ABIDJAN, (Reuters) – Africa-focused miner Randgold Resources sees any further fall in the price of gold as an opportunity to expand its exploration activities cheaply, the company’s chief executive said.
The miner is looking to buy stakes in exploration projects run by smaller firms likely to be hit hard if the precious metal enters a downtrend after 12 years of gains, Mark Bristow told Reuters in an interview.
Spot gold tumbled more than $125, or nearly 9 percent, to below $1,340 an ounce last Monday, a record one-day loss in dollar terms that sent shockwaves through the industry.
And though the market bounced back to around $1,400 on Friday, analysts say prices may fall further in the near term as money continues to flow out of exchange-traded funds (ETFs) of the precious metal.
Bristow told Reuters the grim outlook for gold would likely affect small miners the most as financing dries up, forcing them to mothball exploration operations.
But that could be an opportunity for established companies who could buy into projects at knock-down prices.
“The industry hasn’t been efficient in investing in exploration,” he told Reuters in an interview late on Saturday. “That’s what Randgold’s real focus is now. This is the time you can pick up the good positions.”
Bristow said the London-listed company, which operates mines in Mali and Ivory Coast, would maintain planned spending for 2013 despite the weak outlook. It plans to pour the first gold from its Kibali project in Democratic Republic of Congo by the year’s end.
“We have a very intense capital programme at the moment…2013 is the highest spend we’ve ever had. We’re going to spend about $670 million,” he said.
Gold is regarded by many investors as a safe haven and a hedge against inflation at a time of money printing by central banks.

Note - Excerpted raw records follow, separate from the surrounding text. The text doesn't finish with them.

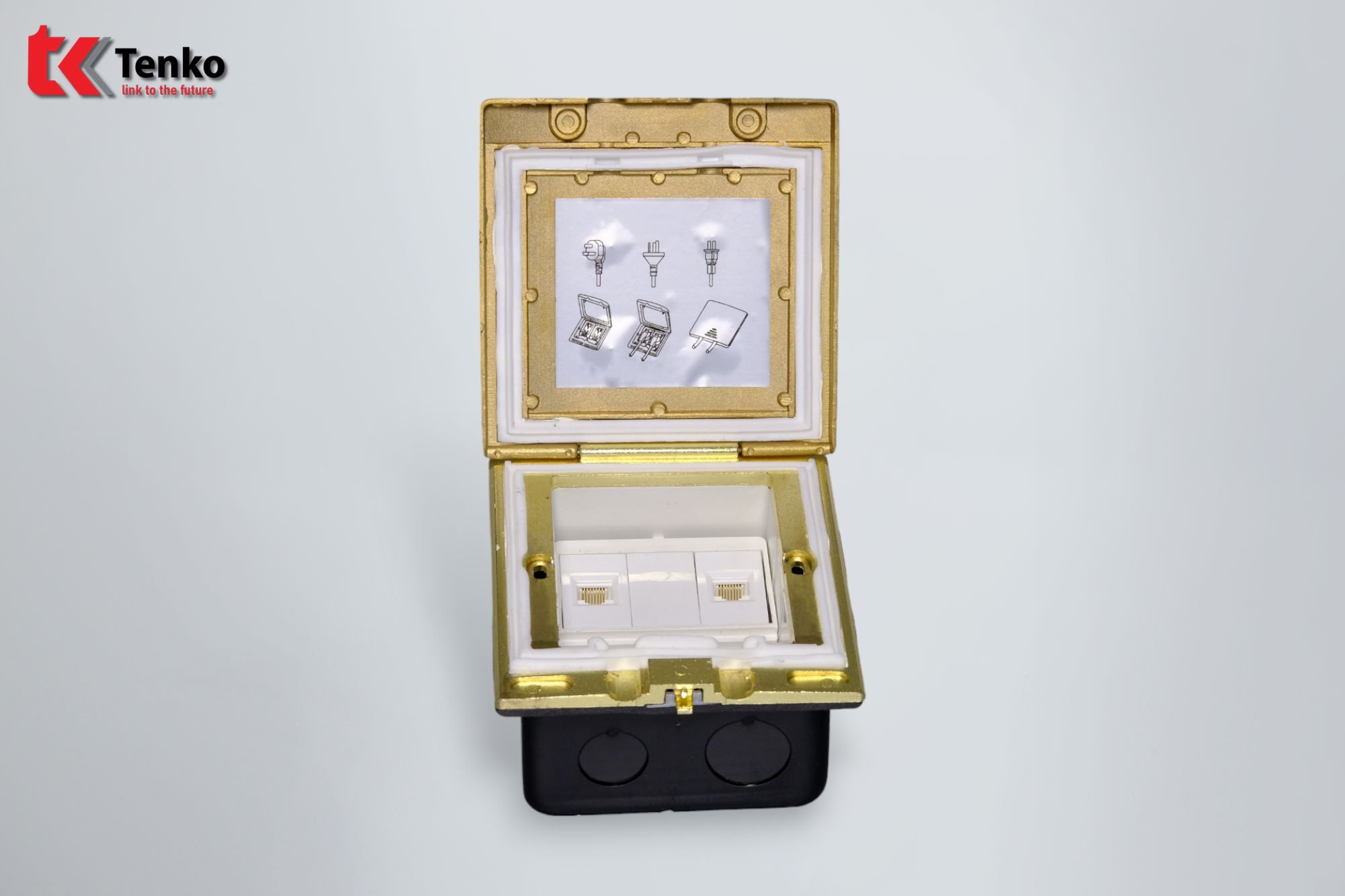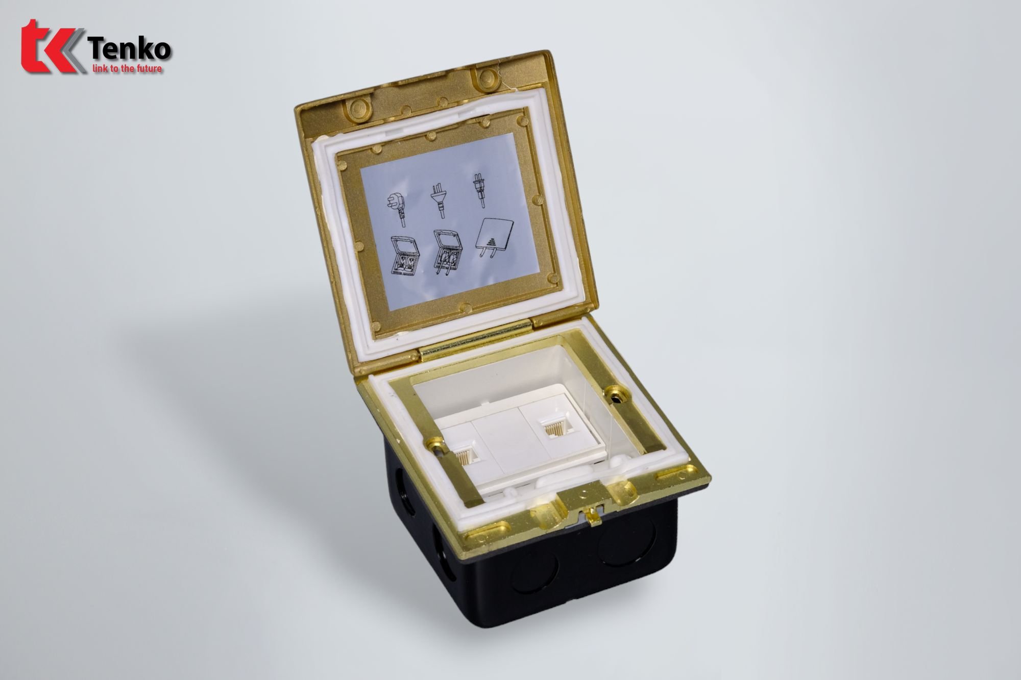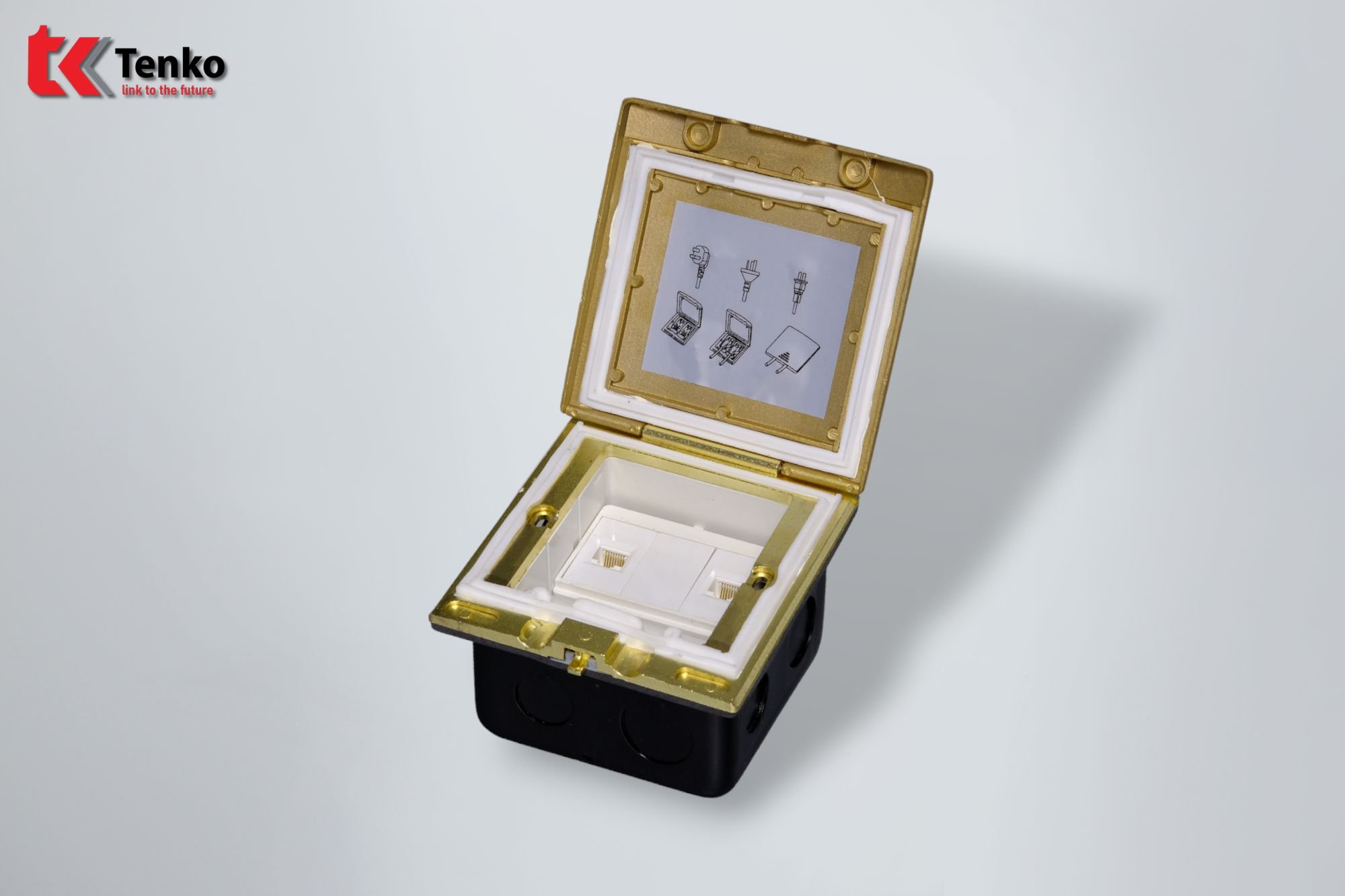 Hộp Điện Âm Sàn Chống Nước 2 Mạng LAN (RJ45) Tenko TK-J06-10 Vàng chất lượng cao được sản suất theo tiêu chuẩn Nhật Bản. Sản phẩm chuyên dùng lắp âm sàn bê tông, sàn nhà hoặc phòng bếp. Được làm bằng đồng, hoặc Inox, hoặc hợp kim nhôm với thiết kế tinh sảo, vô cùng sang trọng.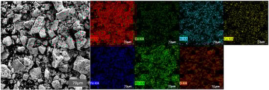Microscopic analysis revealed that the particle morphology was fine-grained and heterogeneously distributed, consisting of loosely aggregated fragments ranging in size from a few micrometers up to several hundred micrometers (Figure 5). The particle surfaces appeared markedly irregular and rough. The intended chemical composition was equimolar; however, EDS analysis indicated a quasi-equimolar ratio of the transition metals (Table 1), which is within acceptable limits. Furthermore, EDS mapping confirmed a homogeneous elemental distribution across the analyzed area, demonstrating uniform dispersion of the constituent elements.
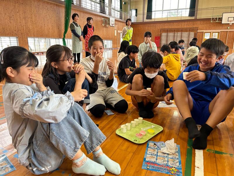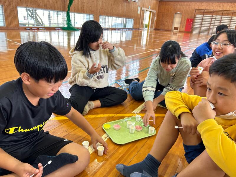 本日、みやざき味覚の授業運営事務局「IKUMI」の皆様方から、味覚の授業をしていただきました。味覚の種類や味覚は五感で感じること、大人より子どもの方が味を感じやすいことの秘密など、多くのことを教えていただきました。これからは、五感で感じることを楽しみながら食事をしたいですね。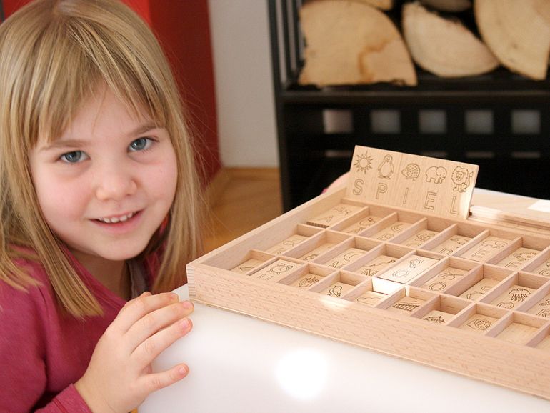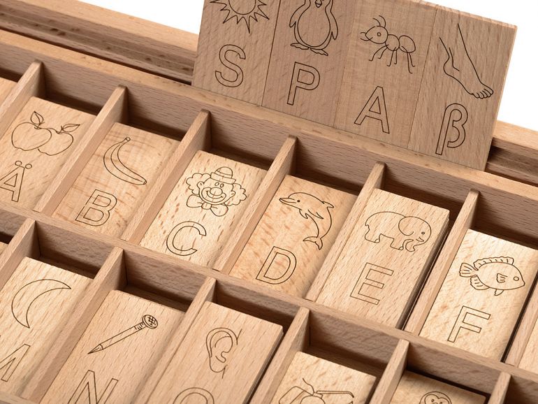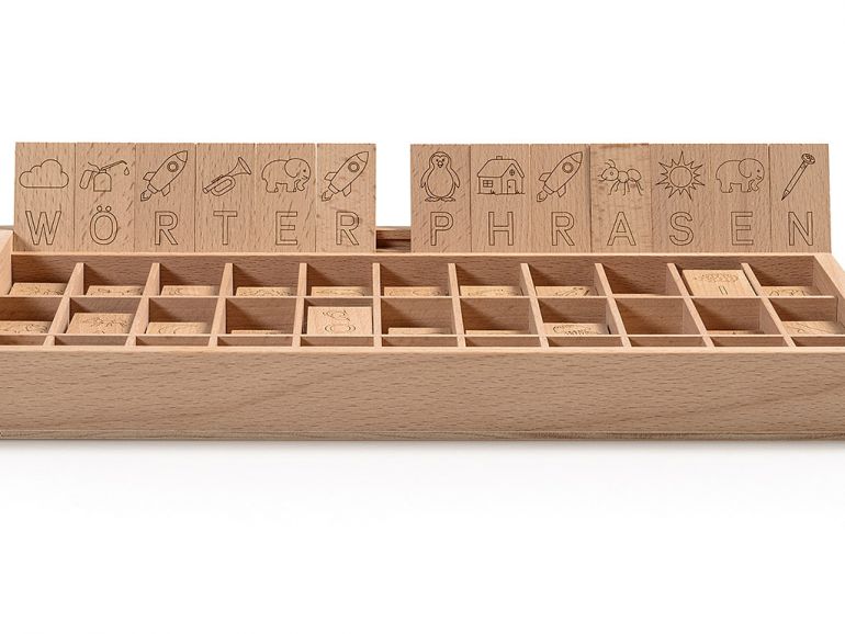 Am Boden der Schachtel sind die Buchstaben und Symbole in das Holz eingebrannt, sodass jeder Buchstaben seinen Platz hat, was den Kindern beim Aufräumen der Plättchen in die Schachtel hilft.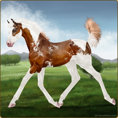 Color: Flaxen Chestnut Tobiano Splash White Sabino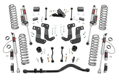Take Your Jeep JL 4xe to the Next Level: When it comes to your four-door Jeep JL 4xe, you need a lift that delivers unmatched off-road capability without sacrificing on-road comfort. Rough Country's 3.5-inch Lift Kit gives you the perfect blend of legendary trail performance, smooth highway handling, and rugged style.Boosted Ground Clearance for Any Terrain: Conquer rocky trails, deep ruts, and uneven ground with ease. This lift kit provides the extra clearance your Jeep Wrangler Unlimited needs to clear obstacles, keeping you in control no matter where adventure takes you.Perfectly Leveled Stance: Say goodbye to the factory nose-down rake. Our kit raises the front to match the rear, giving your Jeep a balanced, aggressive profile and a more stable ride both on and off the pavement.Tuned Coil Springs for Superior Ride Quality: Engineered with OEM-based spring rates, these coil springs deliver factory-like comfort with enhanced handling. The linear coil rate design further improves stability and load support, keeping your Jeep planted even when the terrain gets wild.Room for Larger Tires: Ready for an aggressive look and more grip? This kit accommodates up to 35-inch tires, giving your Jeep the muscular stance and performance you've been dreaming about.Heavy-Duty Forged Track Bar: Built from solid forged steel, the included track bar offers unsurpassed strength and durability. With a massive 1.25-inch outside diameter and OEM-style rubber bushings, it keeps your axles perfectly centered and your suspension dialed in for peak performance.Control Arm Drop Brackets for Optimal Geometry: Maintain factory arm angles for improved suspension travel and ride comfort, even after lifting your Jeep.Fast, Hassle-Free Installation: Spend less time in the garage and more time on the trails with a kit designed for straightforward installation.Customizable Shock Options: Tailor your ride with your choice of nitrogen-charged N3 shocks, performance-driven M1 shocks, or premium M1 Reservoir shocks, so you can match your suspension to your driving style.With Rough Country's 3.5-inch Lift Kit, you're not just modifying your Jeep, you're building it for adventure, durability, and performance that lasts.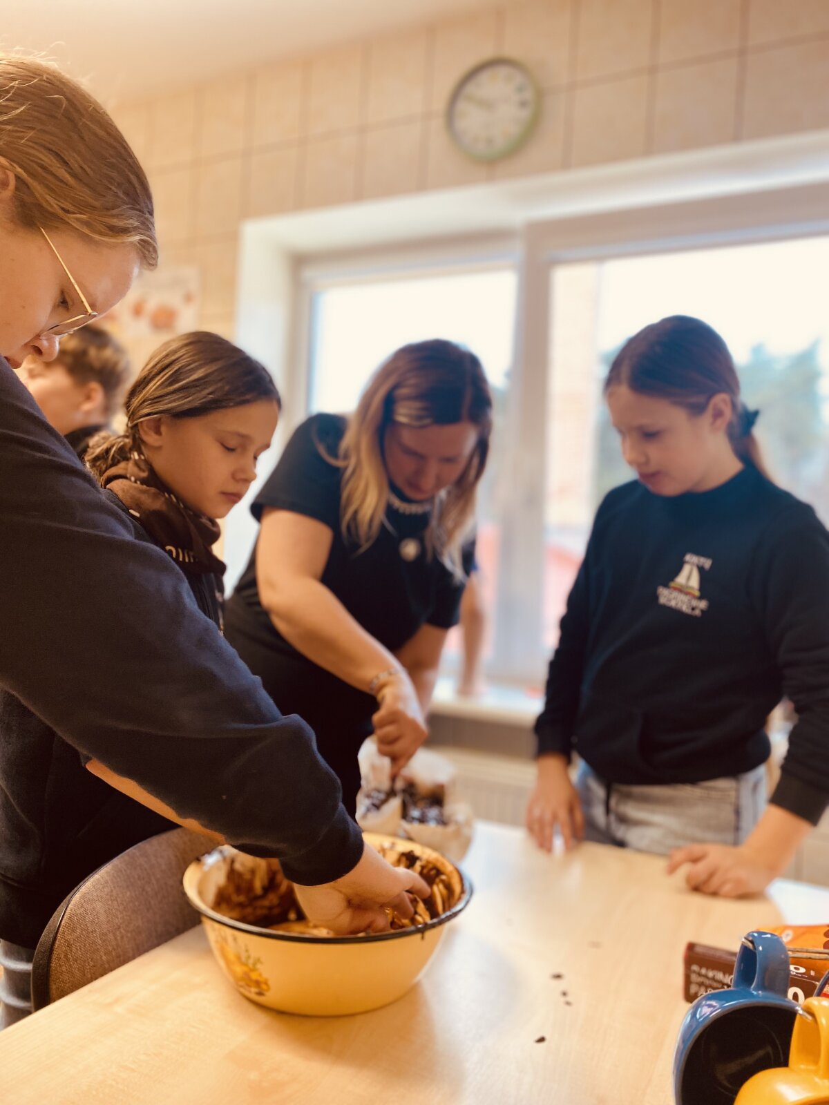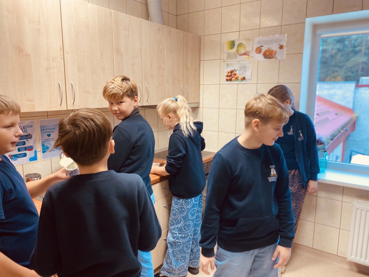 5 klasės mokiniai klasės valandėlės metu gamino ,,Obuolinį tinginį”, atliko skaičiavimus apie reikiamą produkto kiekį, ugdė darbo komandoje ir socialinius įgūdžius.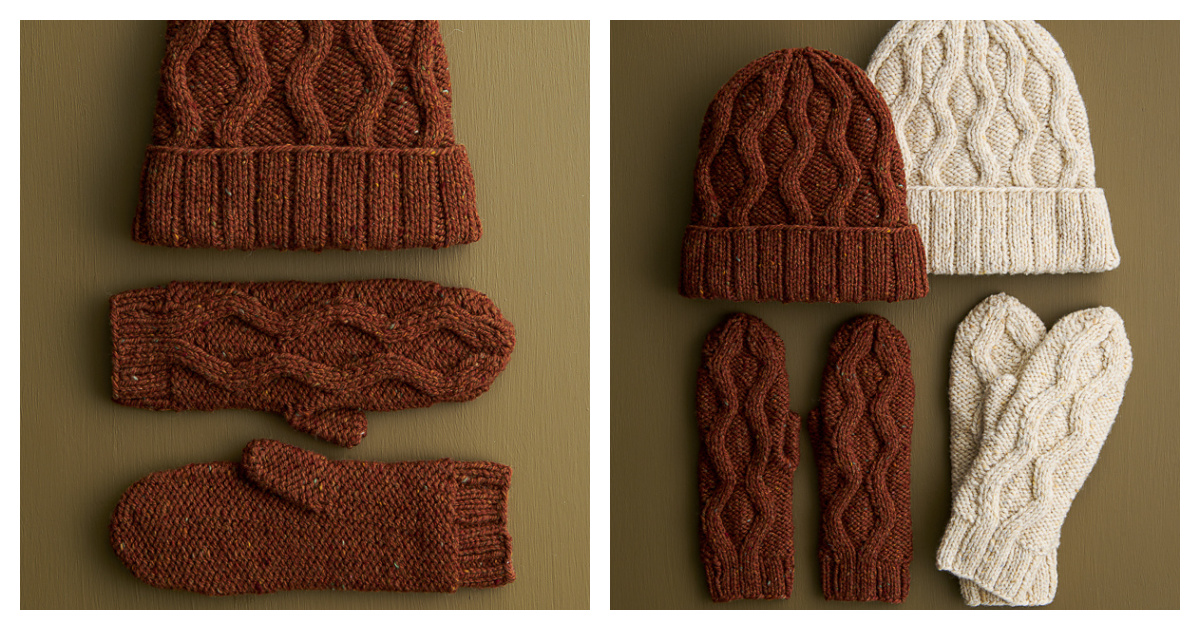 Fox Trail Hat and Mittens Set Free Knitting Pattern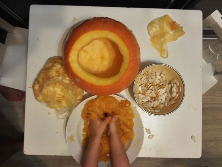 Приготовила 3 миски, нож и шило. Обязательно привлекайте к этому процессу детей! Берем тыкву, под углом вырезаем крышку( под углом, чтобы крышка потом не проваливалась) Вычищаем все внутренности. Мои девочки делали это с огромным удовольствием руками! Не удивительно, ведь все детки любят тактильные ощущения, размазывать кашу или творожок, а тут склизкая мякоть в которой еще и семечки! А запах!!! ммммм......Мяготь месилась, размазывалась, облизывалась, в общем все 33 удовольствия сразу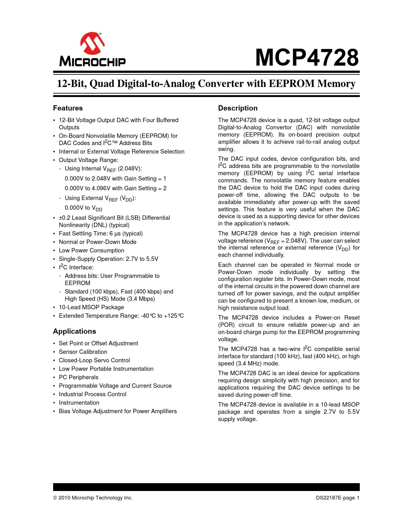 MCP4728. 12-Bit, Quad Digital-to-Analog Converter with EEPROM Memory. Features. Description. Applications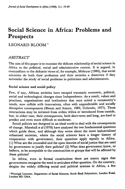 The aim of this paper is to examine the delicate relationship of social science in Africa to the political, social and administrative context. It is argued, in contradiction to the defeatist views of, for example, Mehryar (1984), that social scientists do both their profession and their societies a disservice if they surrender the study of social problems to politicians and administrators.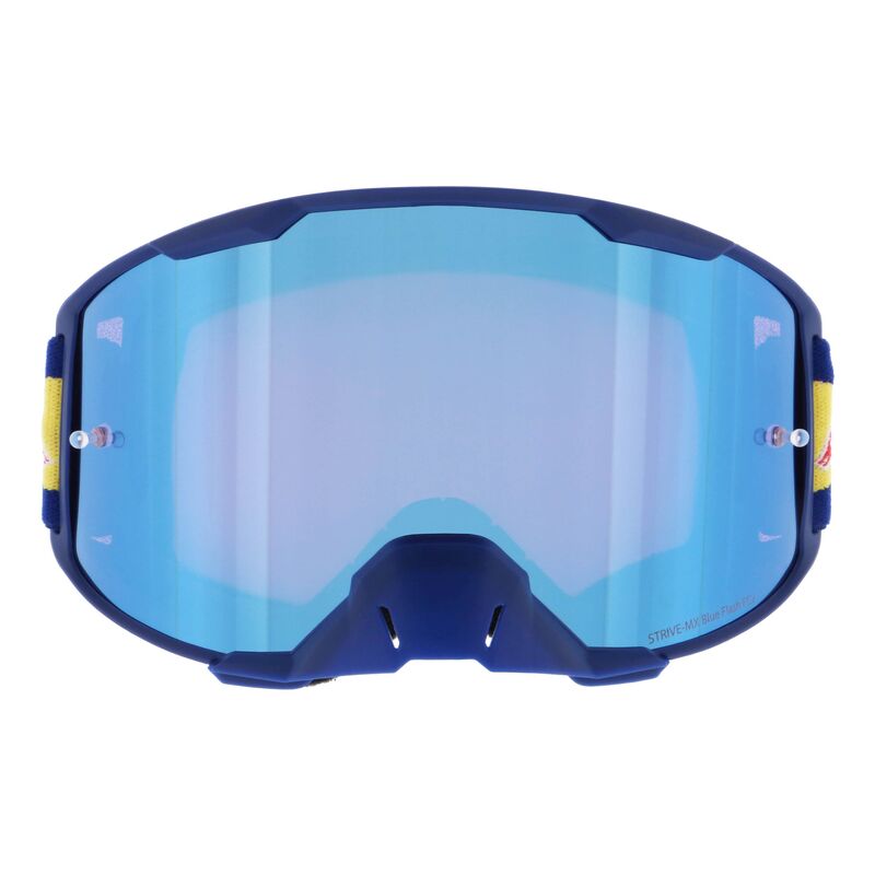 RedBull Strive ist die neuste Motocross Brille von Red Bull SPECT Eyewear. Getestet und immer im Einsatz ist diese Brille bei Luc Ackermann dem jüngsten Freestyle Motocross Weltmeister der Geschichte. Im Lieferumfang zusätzlich enthalten sind 1 Gesichtsschaum zum wechseln und 1 klare Ersatz-Scheibe. * Die STRIVE-Linse ist aus schlagfestem Polycarbonat gefertigt und übertrifft die Qualität optischer Gläser durch den Einsatz unserer iBoost Technologie für verbesserte Kontraste und Blendreduzierung. * Der STRIVE-Rahmen ist aus TPU-Material geformt. Dieser Kunststoff behält seine Weichheit bei allen Umgebungstemperaturen. Er passt sich Ihrem Gesicht an, ohne Luftspalten zu hinterlassen, unter allen Umständen. * Die Schaumstoffschicht, die normalerweise den Luftraum zwischen den beiden Gläsern bildet, wurde wurde übersprungen. Für eine Sicht, die frei von Brechungen und Verzerrungen ist, wurde die Doppelscheibe von uns zusammenlaminiert. * In Kombination mit einem dünnen Rahmendesign bietet die Linse ein bis zu 15% ein um bis zu 15% vergrössertes Sichtfeld, so wird der Tunnelblick vermieden. * Die Belüftungsöffnungen sind mit einem dünnen PU-Schaumstoff überzogen, der eine ausreichende Belüftung der Brille gewährleistet und das Eindringen von Wasser oder Schlamm in das Sichtfeld verhindert. * Inklusive Nasenschutz – einfaches Click-On/Off-System. * Die Ultra-Anti-Fog-Innenscheibe widersteht dem Beschlagen über 180 Sekunden und übertrifft die geforderte Norm von 30 Sekunden um den Faktor 6. * Der Gesichtsschaum der STRIVE Goggle besteht aus vier Schichten. Schicht eins besteht aus Klettmaterial. Sie sorgt dafür, dass verschmutzte oder beschädigte Gesichtsschäume leicht ausgetauscht werden können. Schicht zwei bietet Stabilität für die Verbindung Gesicht/Brille indem sie etwas Steifigkeit hinzufügt. Eine weichere Schaumstoffschicht schliesst dann alle Luftspalten und sorgt für einen komfortablen Sitz. Die oberste Schaumstoffschicht ist sehr dünn und weich, verhindert Scheuern, Hautirritationen und reduziert das Schwitzen.

However, its price has fallen by about 18 percent so far this year, taking it to its lowest level since February 2011.
Bristow said Randgold is already establishing joint ventures with cash-strapped junior miners to expand its exploration activities.
“We have a real opportunity to get really good projects, really good ground,” he said.
In December, Randgold acquired a majority stake in a joint venture with Canada’s Kilo Goldmines that will see it manage the junior’s exploration licenses in Congo.
It announced a similar agreement with London-listed Goldstone Resources earlier this month that gives it control over the Sangola project in Senegal.